SOTA baselines (EvFlow-Net, Spike-FlowNet and Fusion-FlowNet have their average endpoint error (AEE) depicted on the left. The right side compares the AEE between fully-ANN and fully-SNN architectures with decreasing model sizes. (Data taken with permission from Adaptive-SpikeNet. Copyright 2023, IEEE).
Fig. 4
Fig. 4. Architecture for lightweight SNN-based object detection pipeline - DOTIE.
A single-layer SNN utilizing its inherent leak to filter out events moving at a speed greater than a specified value. These speed-separated events are then clustered to obtain a bounding box for object detection. (Adapted with permission from DOTIE. Copyright 2023, IEEE).
Fig. 5
Fig. 5. Representative neuromorphic hardware architectures, highlighting key differences in dataflow, memory integration, and compute organization across von Neumann and non-von Neumann systems.
(Top) Simplified architecture of a CPU, a GPU, and a custom multi-chip accelerator.
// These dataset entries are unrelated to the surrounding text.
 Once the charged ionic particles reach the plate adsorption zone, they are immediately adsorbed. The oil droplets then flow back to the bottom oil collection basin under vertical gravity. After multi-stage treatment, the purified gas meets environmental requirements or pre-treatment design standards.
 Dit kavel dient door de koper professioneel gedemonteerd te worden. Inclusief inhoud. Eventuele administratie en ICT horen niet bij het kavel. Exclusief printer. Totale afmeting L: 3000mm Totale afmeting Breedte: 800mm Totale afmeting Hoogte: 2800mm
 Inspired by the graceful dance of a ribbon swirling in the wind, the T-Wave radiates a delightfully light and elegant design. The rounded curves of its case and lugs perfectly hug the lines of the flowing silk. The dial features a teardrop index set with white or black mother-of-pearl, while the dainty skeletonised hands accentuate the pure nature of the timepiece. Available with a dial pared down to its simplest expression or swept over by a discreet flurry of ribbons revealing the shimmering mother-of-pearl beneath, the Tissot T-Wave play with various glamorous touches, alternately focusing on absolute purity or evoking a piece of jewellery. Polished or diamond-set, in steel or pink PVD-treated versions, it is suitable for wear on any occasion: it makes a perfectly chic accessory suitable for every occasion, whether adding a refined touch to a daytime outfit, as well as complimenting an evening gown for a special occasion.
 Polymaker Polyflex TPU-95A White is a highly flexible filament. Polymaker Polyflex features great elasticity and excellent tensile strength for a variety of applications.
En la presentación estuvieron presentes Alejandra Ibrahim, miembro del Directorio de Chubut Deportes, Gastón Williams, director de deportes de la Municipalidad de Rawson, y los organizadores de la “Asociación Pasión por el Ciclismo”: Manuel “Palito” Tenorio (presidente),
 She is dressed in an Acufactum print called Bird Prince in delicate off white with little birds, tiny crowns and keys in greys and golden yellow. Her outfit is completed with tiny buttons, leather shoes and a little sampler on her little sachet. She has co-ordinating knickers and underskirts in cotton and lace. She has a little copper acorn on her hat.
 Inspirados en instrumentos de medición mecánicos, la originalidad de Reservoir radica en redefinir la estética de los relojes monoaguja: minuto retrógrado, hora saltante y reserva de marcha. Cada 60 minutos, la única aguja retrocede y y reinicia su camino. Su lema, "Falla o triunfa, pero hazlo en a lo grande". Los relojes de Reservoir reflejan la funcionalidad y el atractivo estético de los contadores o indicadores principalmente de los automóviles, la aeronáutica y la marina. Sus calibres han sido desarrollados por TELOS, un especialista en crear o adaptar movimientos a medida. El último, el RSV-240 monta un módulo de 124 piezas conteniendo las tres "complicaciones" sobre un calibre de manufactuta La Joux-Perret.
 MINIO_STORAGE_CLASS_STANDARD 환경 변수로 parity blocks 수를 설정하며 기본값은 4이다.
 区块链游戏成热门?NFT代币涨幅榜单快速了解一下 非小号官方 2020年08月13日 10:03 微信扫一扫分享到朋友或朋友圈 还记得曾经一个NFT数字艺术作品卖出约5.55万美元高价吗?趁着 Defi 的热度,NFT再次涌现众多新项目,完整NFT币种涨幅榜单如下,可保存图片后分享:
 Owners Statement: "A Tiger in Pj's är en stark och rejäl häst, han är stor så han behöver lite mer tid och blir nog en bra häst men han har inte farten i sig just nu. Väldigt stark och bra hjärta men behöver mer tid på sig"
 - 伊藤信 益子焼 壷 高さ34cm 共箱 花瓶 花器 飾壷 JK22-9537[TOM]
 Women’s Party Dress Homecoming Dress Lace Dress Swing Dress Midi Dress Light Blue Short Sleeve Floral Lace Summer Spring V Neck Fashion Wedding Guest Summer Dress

CPUs and GPUs follow von Neumann architecture, where computation is separate from memory. On the other hand, a large number of custom hardware accelerators follow a 2-D mesh-like hierarchical design with memory and computation units distributed across the whole fabric. (Top right) The design of a SpiNNaker node is shown where each node uses a packet router to communicate spikes using a routing table. Multiple such nodes can be connected to make a massively parallel computing system. (Bottom left) Truenorth uses a 2-D mesh network of neurosynaptic cores that have crossbar-like connectivity where input spikes are mapped at the rows, each column represents an output neuron, and the crosspoint represents the synaptic connections. (Bottom right) A generalized representation of a hierarchical in-memory computing core. Each core in the figure consists of multiple compute blocks, and each compute block contains multiple in-memory computing arrays arranged in a crossbar format. An analog in-memory computing array is depicted in the figure with digital-to-analog converters (DACs) at the row periphery and a shared analog-to-digital Converter (ADC) at the column periphery.